## WHAT IS REQUIRED
Every entry below is to be copied word for word, with its pictures removed.

*** Opening MATERIAL PROVIDED ***

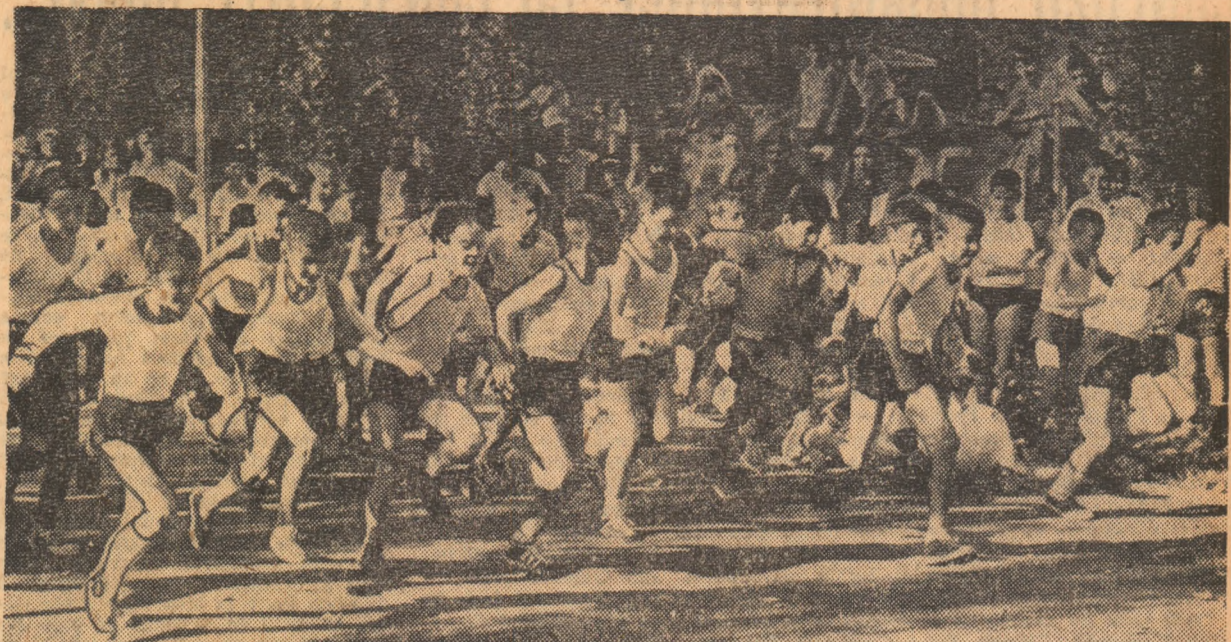
Cei mai mici concurenți au plecat în cursă la crosul desfășurat ieri în Parcul Herăstrău
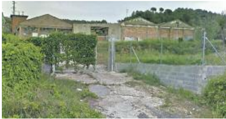
Aquesta nau del sector de les Rubiroles és l'objecte de la polèmica.

POLÈMICA ▶ "Així va el país! A Olesa l'Ajuntament dona permís per construir una mesquita (...) i no per ampliar a una residència d'avis (...) A on anirem a parar! Passa-ho perquè aquest missatge arribi a algú que pugui parar aquesta injustícia!". Aquest missatge ha estat corrent pels telèfons mòbils dels veïns d'Olesa, i s'ha generat tota una polèmica que ha obligat l'equip de govern a sortir a donar explicacions. El fet és que la residència Sant Agustí fa anys que està intentant ampliar la seva planta baixa per tal d'oferir nou places més de residència a persones grans, però els terrenys on està ubicada no admeten usos d'aquests tipus de caràcter permanent, i la Generalitat no els dona permís. En canvi, la comunitat islàmica d'Olesa ha sol·licitat instal·lar un centre de culte en una antiga nau industrial situada a la mateixa zona, i com que
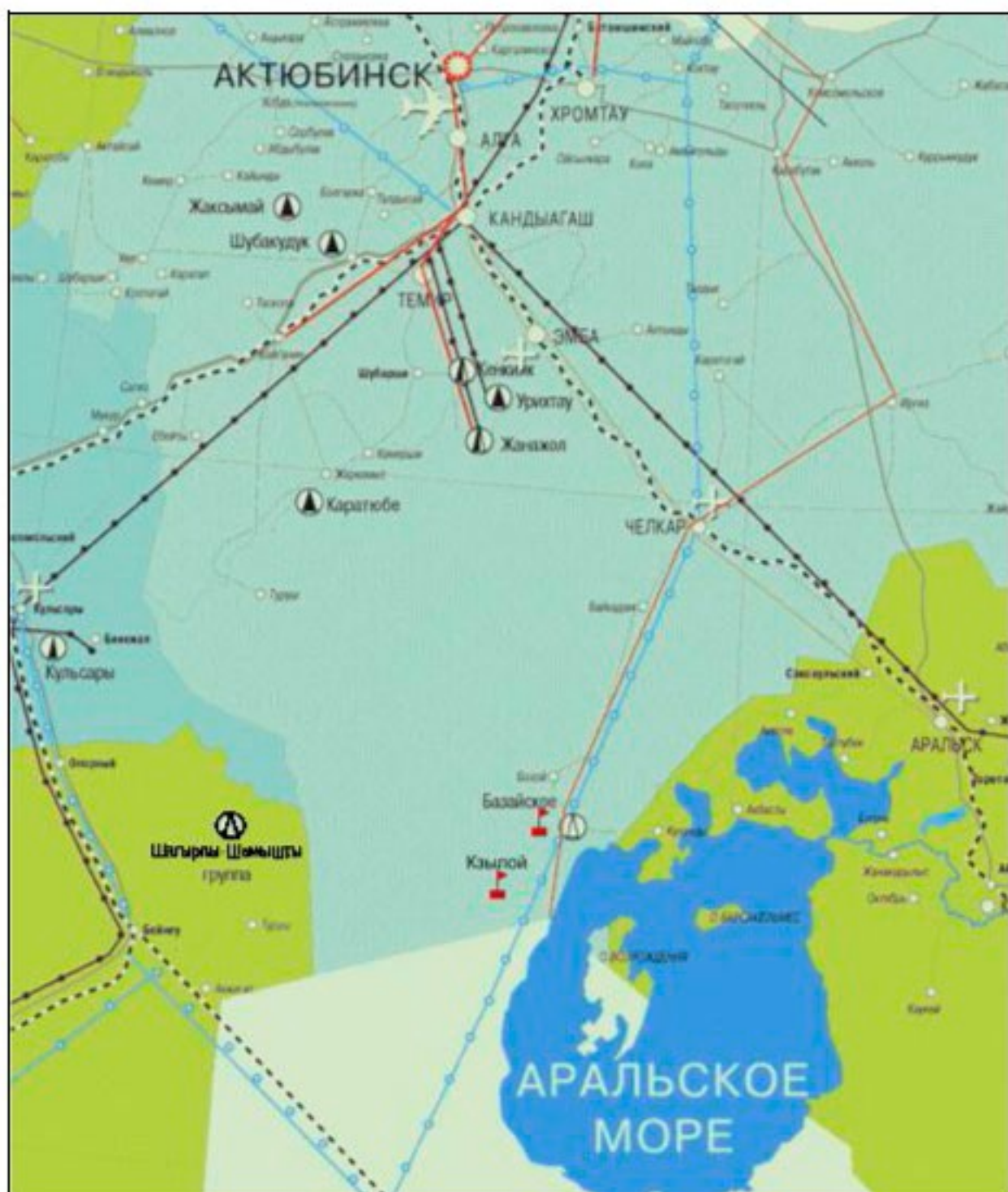
Рис. 1. Обзорная карта расположения месторождения
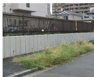
草が茂っていましたが...
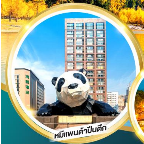
หมี่แพนด้าปิ่นตึก
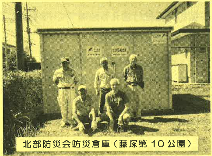
北部防災会防災倉庫（藤塚第10公園）
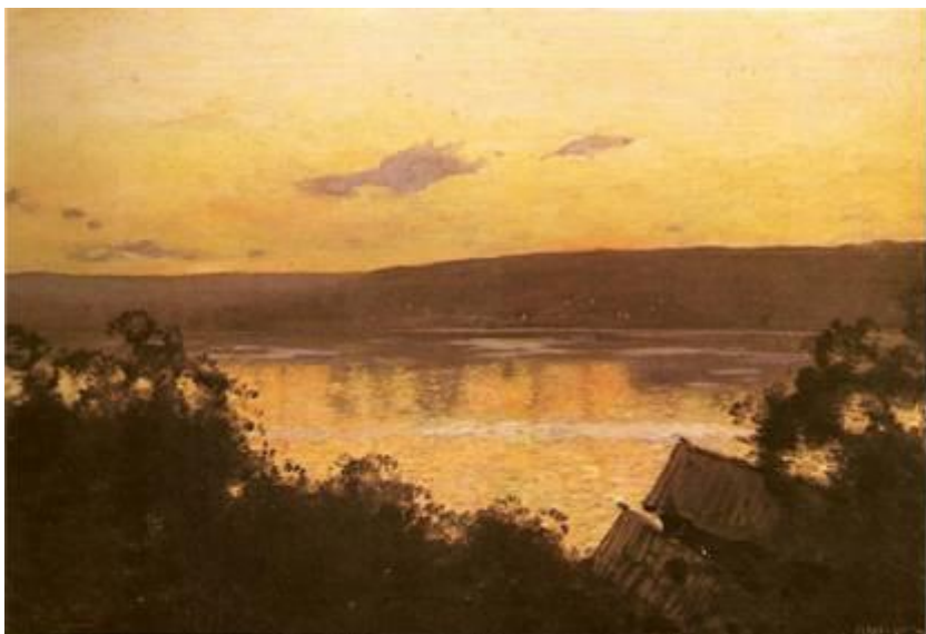
«Вечер на Волге», 1888 год «Вечер. Золотой Плес». Этюд
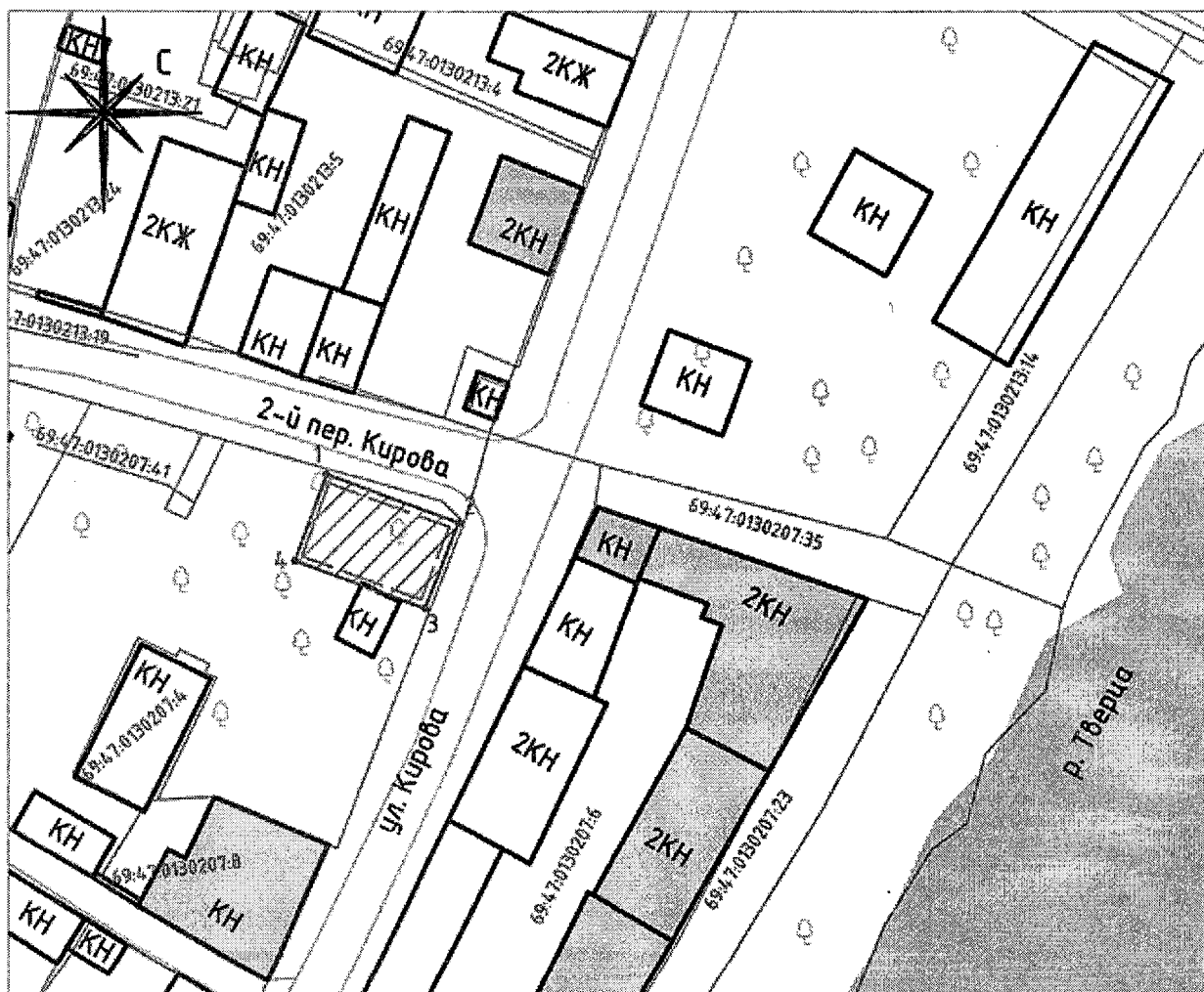
Схема границ территории объекта культурного наследия федерального значения «Жилой дом», середина XVIII в., расположенного по адресу: Тверская область, город Торжок, 2-ой переулочек Кирова, дом 4
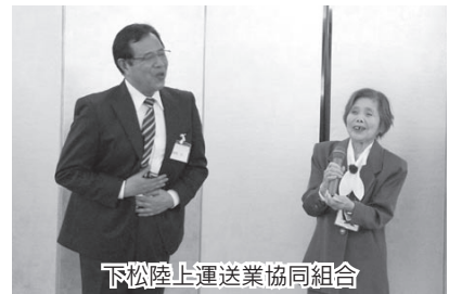
下松陸上運送業協同組合
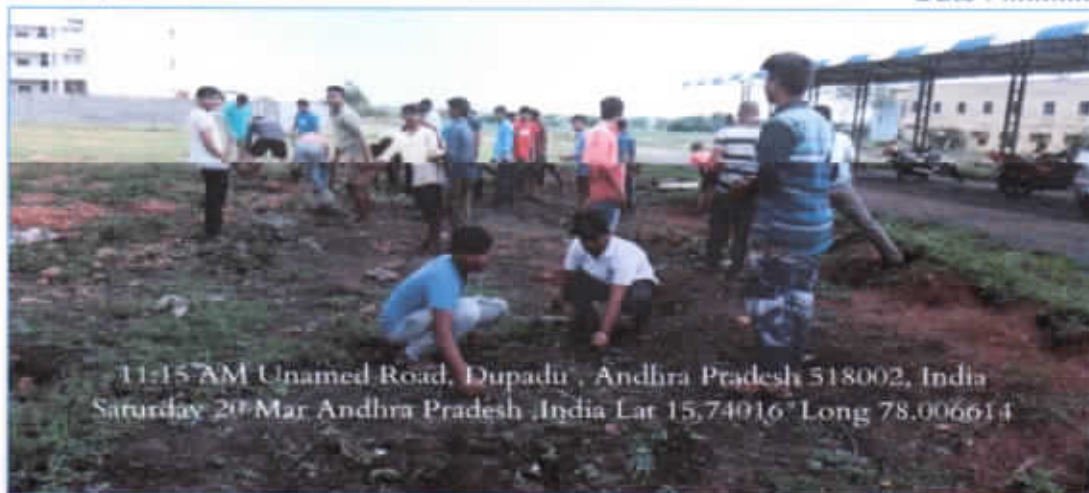
11:15 AM Unamed Road, Dupadu , Andhra Pradesh 518002, India Saturday 20 Mar Andhra Pradesh ,India Lat 15,74016° Long 78,006614
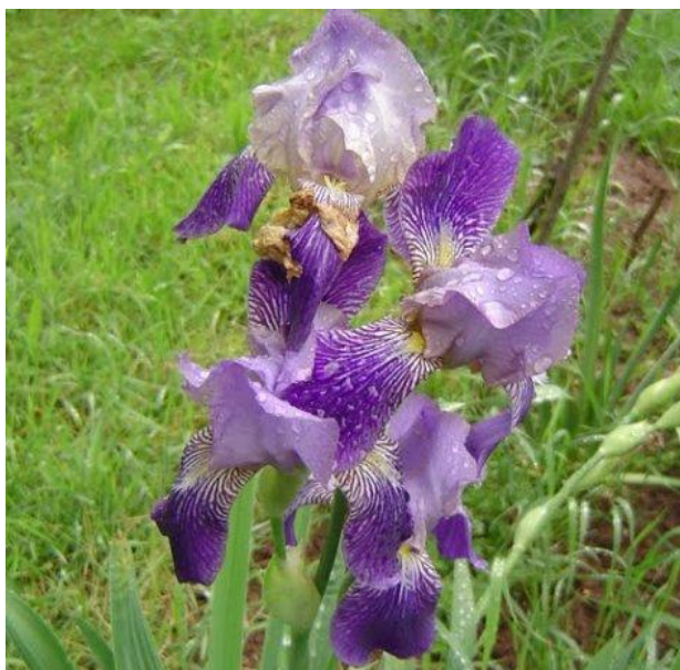
Slika 3. Patuljasta perunika
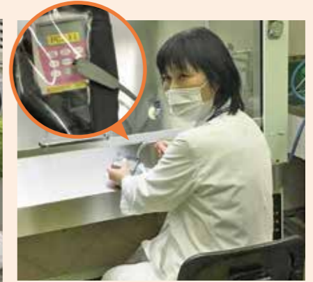
お薬をポンプに準備する薬剤師さん。
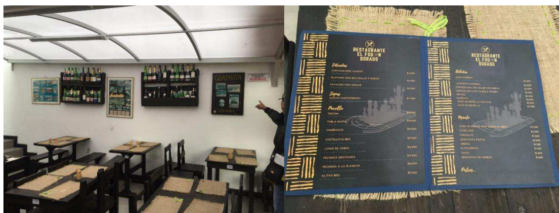
Figura 18. Restaurante el Fogón Dorado.

Al tomar la carretera destapada hacia el Embalse se visualiza otro medio de transporte que presta el mismo servicio que “La Guataviteña” llamado el “Guatatren” el cual es un tractor que hala dos vagones y tiene una capacidad de trasladar 24 personas y realizar el recorrido por el centro de Guatavita.

*** Closing MATERIAL PROVIDED ***

## RESULT OF THE EXERCISE
Cei mai mici concurenți au plecat în cursă la crosul desfășurat ieri în Parcul Herăstrău
Aquesta nau del sector de les Rubiroles és l'objecte de la polèmica.

POLÈMICA ▶ "Així va el país! A Olesa l'Ajuntament dona permís per construir una mesquita (...) i no per ampliar a una residència d'avis (...) A on anirem a parar! Passa-ho perquè aquest missatge arribi a algú que pugui parar aquesta injustícia!". Aquest missatge ha estat corrent pels telèfons mòbils dels veïns d'Olesa, i s'ha generat tota una polèmica que ha obligat l'equip de govern a sortir a donar explicacions. El fet és que la residència Sant Agustí fa anys que està intentant ampliar la seva planta baixa per tal d'oferir nou places més de residència a persones grans, però els terrenys on està ubicada no admeten usos d'aquests tipus de caràcter permanent, i la Generalitat no els dona permís. En canvi, la comunitat islàmica d'Olesa ha sol·licitat instal·lar un centre de culte en una antiga nau industrial situada a la mateixa zona, i com que
Рис. 1. Обзорная карта расположения месторождения
草が茂っていましたが...
หมี่แพนด้าปิ่นตึก
北部防災会防災倉庫（藤塚第10公園）
«Вечер на Волге», 1888 год «Вечер. Золотой Плес». Этюд
Схема границ территории объекта культурного наследия федерального значения «Жилой дом», середина XVIII в., расположенного по адресу: Тверская область, город Торжок, 2-ой переулочек Кирова, дом 4
下松陸上運送業協同組合
11:15 AM Unamed Road, Dupadu , Andhra Pradesh 518002, India Saturday 20 Mar Andhra Pradesh ,India Lat 15,74016° Long 78,006614
Slika 3. Patuljasta perunika
お薬をポンプに準備する薬剤師さん。
Figura 18. Restaurante el Fogón Dorado.

Al tomar la carretera destapada hacia el Embalse se visualiza otro medio de transporte que presta el mismo servicio que “La Guataviteña” llamado el “Guatatren” el cual es un tractor que hala dos vagones y tiene una capacidad de trasladar 24 personas y realizar el recorrido por el centro de Guatavita.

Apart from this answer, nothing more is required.